**WORK INSTRUCTIONS:** Please return only the lines from the one with "Tu tabla, lycra" through the final line of the data, unchanged, with pictures omitted.

**RECORDS FOR THIS TASK:**
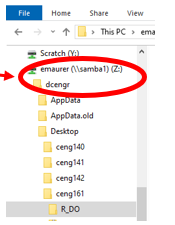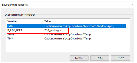 On networked drives, R will look for certain places where it can download libraries and packages. R can work with drives that start with a letter (such as Z:\) but cannot work with network addresses (like \\machine\…). On the engineering lab computers, Z:\ and \\samba1\username are equivalent, so you just need to tell Windows and R that these are the same. R looks for certain locations based on something called environment variables, so you have to set that.
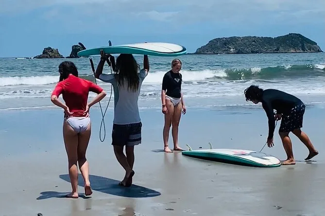 Tu tabla, lycra y todo el equipo estarán listos al llegar. También incluyen agua para beber—solo trae ganas y bloqueador solar.
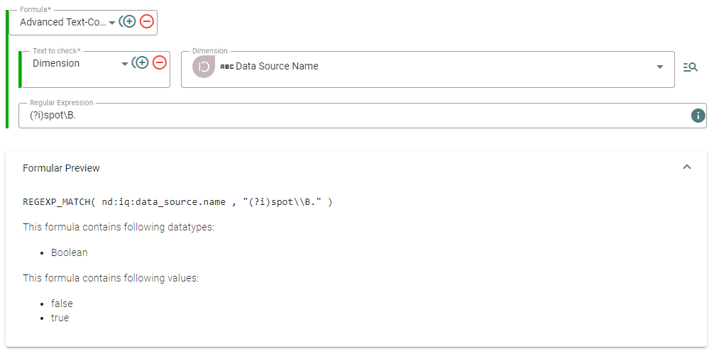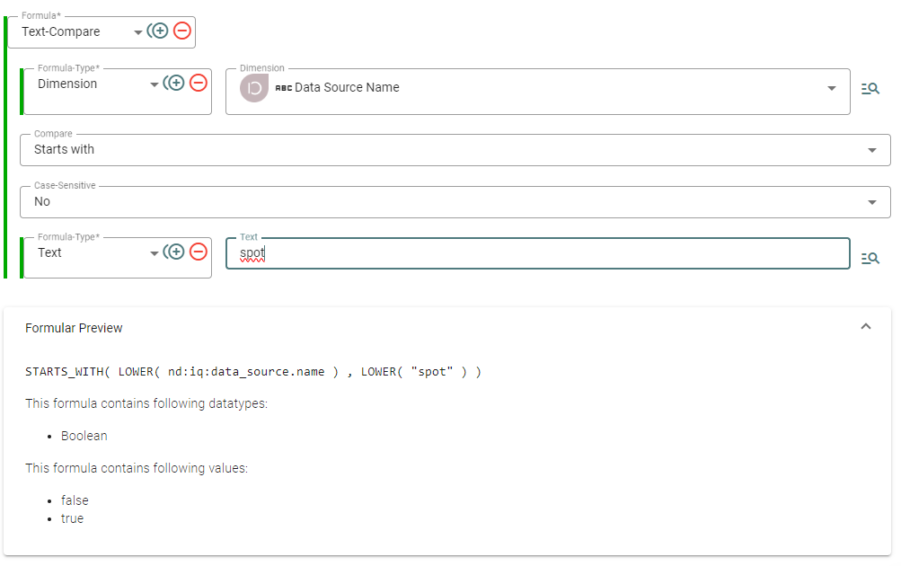 Angenommen, Sie möchten überprüfen, ob der Data Source Name mit dem Wort "spot" beginnt. Diese Überprüfung kann beispielsweise nützlich sein, um Filter für Data Shares zu erstellen oder um den zurückgegebenen Wahrheitswert in Bedingungsformeln (Condition-Formeln) weiterzuverarbeiten.
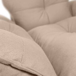 Produzida com estrutura em madeira de reflorestamento (eucalipto), oferece resistência e longa vida útil. O assento, encosto e braças são confeccionados com misto de fibra siliconada e flocos de espuma, garantindo conforto macio e ergonômico. Os pés em madeira com 30 cm de altura proporcionam estabilidade e um toque sofisticado ao visual.
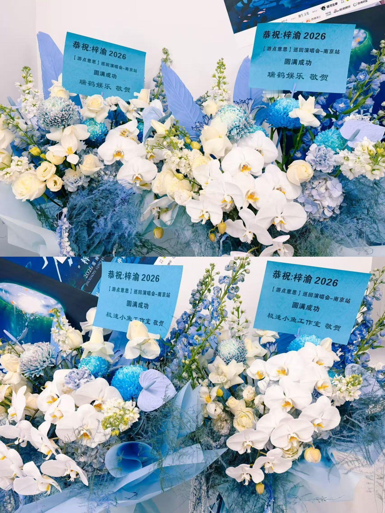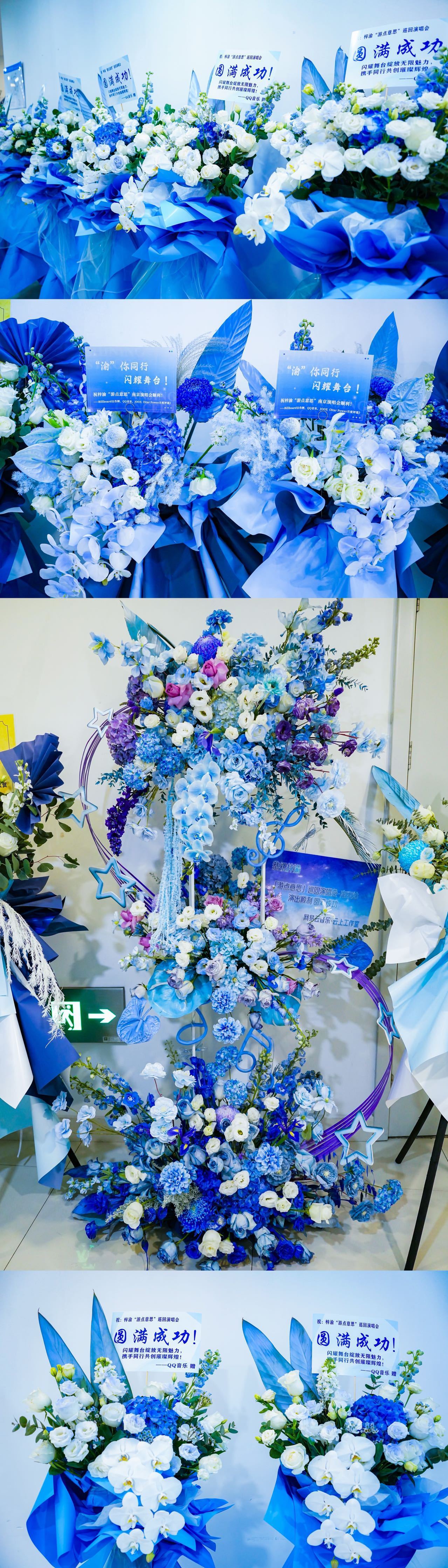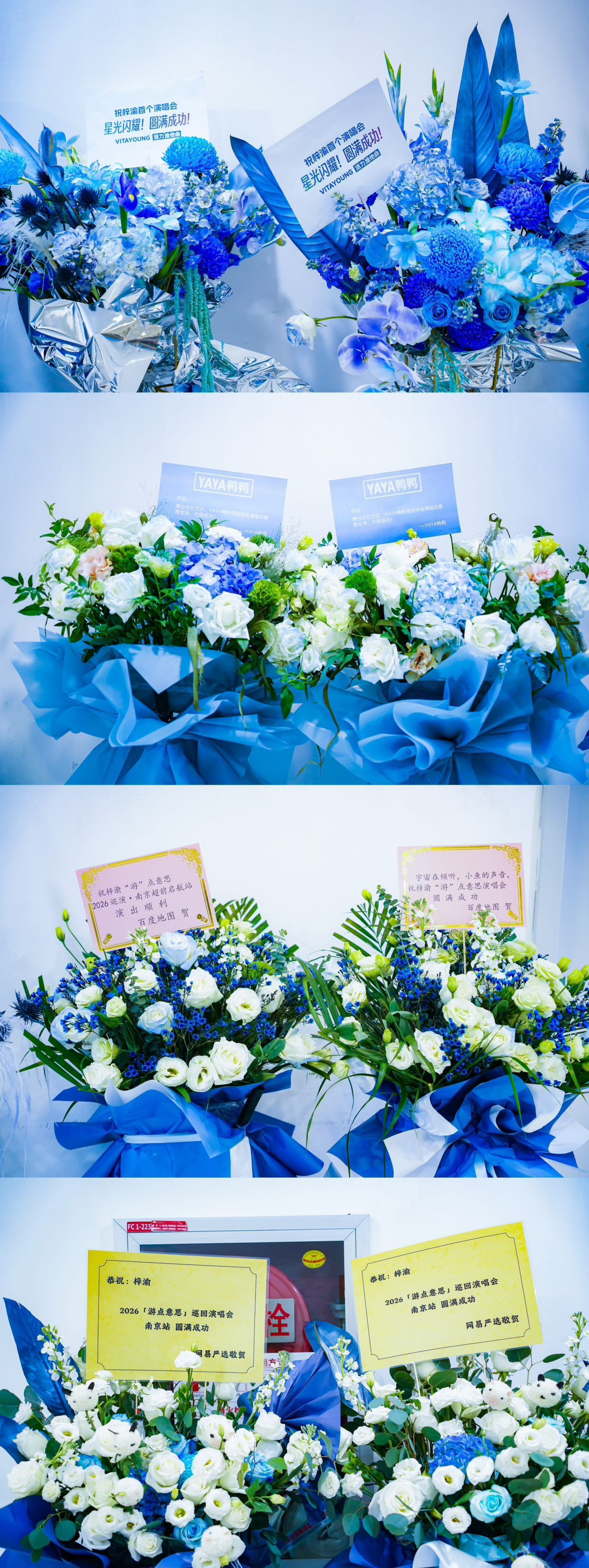瑞鹤娱乐发了梓渝演唱会收到的花篮,YUNI们送了好多啊,那一整面都是吧,署名是梓渝的YUNI,漂亮的花墙,和每一场造型的花篮;还有潮生文化、银河左岸、太湖湾音乐节、🐧音乐、Billboard公告牌、JOOX、网易☁️音乐云上工作室、VITAYOUNG活力维他命、YAYA鸭鸭、百度地图、网易严选、瑞鹤娱乐、极速小鱼工作室,都奉上了漂亮的花篮,演出顺利呀小梓渝!

**RESULT:**
 Tu tabla, lycra y todo el equipo estarán listos al llegar. También incluyen agua para beber—solo trae ganas y bloqueador solar.
 Angenommen, Sie möchten überprüfen, ob der Data Source Name mit dem Wort "spot" beginnt. Diese Überprüfung kann beispielsweise nützlich sein, um Filter für Data Shares zu erstellen oder um den zurückgegebenen Wahrheitswert in Bedingungsformeln (Condition-Formeln) weiterzuverarbeiten.
 Produzida com estrutura em madeira de reflorestamento (eucalipto), oferece resistência e longa vida útil. O assento, encosto e braças são confeccionados com misto de fibra siliconada e flocos de espuma, garantindo conforto macio e ergonômico. Os pés em madeira com 30 cm de altura proporcionam estabilidade e um toque sofisticado ao visual.
瑞鹤娱乐发了梓渝演唱会收到的花篮,YUNI们送了好多啊,那一整面都是吧,署名是梓渝的YUNI,漂亮的花墙,和每一场造型的花篮;还有潮生文化、银河左岸、太湖湾音乐节、🐧音乐、Billboard公告牌、JOOX、网易☁️音乐云上工作室、VITAYOUNG活力维他命、YAYA鸭鸭、百度地图、网易严选、瑞鹤娱乐、极速小鱼工作室,都奉上了漂亮的花篮,演出顺利呀小梓渝!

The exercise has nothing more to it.